With regard to the causes of spastic paraplegia, in 70% of cases the mode of transmission of the disease is autosomal dominant. 20% of families have an autosomal recessive pattern of transmission, and it is estimated that 2% of cases of spastic paraplegia are linked to the X chromosome. In 8% of cases, there is no family history, and such cases are referred to as sporadic cases.
Causes of Spastic Paraplegia
Today, more than 73 chromosomal regions are known to carry mutations responsible for spastic paraplegia. However, it is estimated that in nearly 50% of families, the genetic mutation is unknown, which justifies active genetic research into these conditions.

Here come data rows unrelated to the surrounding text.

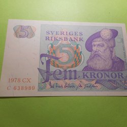 1 ST OVIKT 5 KR SEDEL FRÅN 1978.
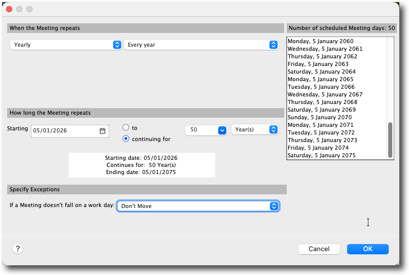Only the the drop down list is limitatet to 10 years.
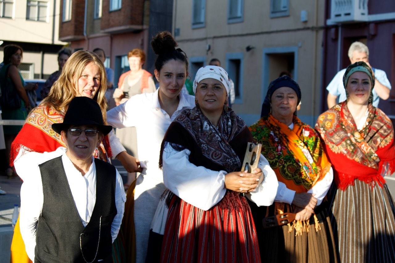 Нашла сайт провинциального галисийского ансамбля "Antaruxas и Sorteiros". Группу эту, входящую в культурную ассоциацию с тем же названием, создали в 1979 году жители Фонсаграды (муниципалитет в провинции Луго с населением чуть больше 4 тыс.) с целью изучения и сохранения истории региона через музыку и танец. Используют костюмы и инструменты, характерные для региона, участвуют во множестве фестивалей и конкурсов в Испании и за рубежом. Из фотоотчетов с мероприятий видно, что в 2009 году костюмы были совсем другие, преобладал черный цвет, цветастых шалей не было и в помине (фото 1, 2).
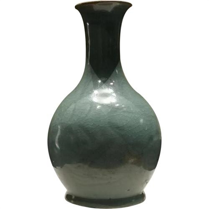 汝窯天藍(lán)釉刻花鵝頸瓶

It is also essential to understand the biological effects of known mutations in order to open up new avenues for treatment.
At Paris Brain Institute
Researchers from the Basic to Translational Neurogenetics team led by Alexandra Durr and Giovanni Stevanin are working to identify new genes or molecular dysfunctions that cause or influence spastic paraplegia through genomic analysis of familial forms.
The study on identification of a key mechanism in hereditary spastic paraplegia type 11 conducted by Frédéric Darios and Giovanni Stevanin has highlighted the role of the accumulation of certain lipids in hereditary spastic paraplegia type 11. These results suggest that targeting this mechanism could be an interesting therapeutic approach in managing this disease.
The collaborative study on hereditary spastic paraplegia type 58, a demyelinating disease conducted by Khalid Hamid El Hachimi from Paris Brain Institute and Amandine Duchesne from INRA has found that mutations in the KIF1C gene, responsible for hereditary spastic paraplegia type 58 (SPG58/SPAX2), cause myelin loss. This discovery could lead to progress in understanding the mechanisms of hereditary spastic paraplegia type 58.
The study on hereditary spastic paraplegia: identifying the impact of each mutation, by the research team led by Giovanni Stevanin (INSERM/EPHE), highlights the effect of certain mutations in patients with this condition. This study emphasizes the need to develop tools for interpreting the biological effects of mutations in human genetics.
The study Loss of spatacsin function is accompanied by motoneuron degeneration makes the link between the degeneration of neurons, lysosomal dysfunction, and lipid metabolism. Many proteins that are encoded by genes affected in hereditary spastic paraplegia are also involved in these mechanisms in a recurring manner, so understanding them could create new opportunities for future treatment.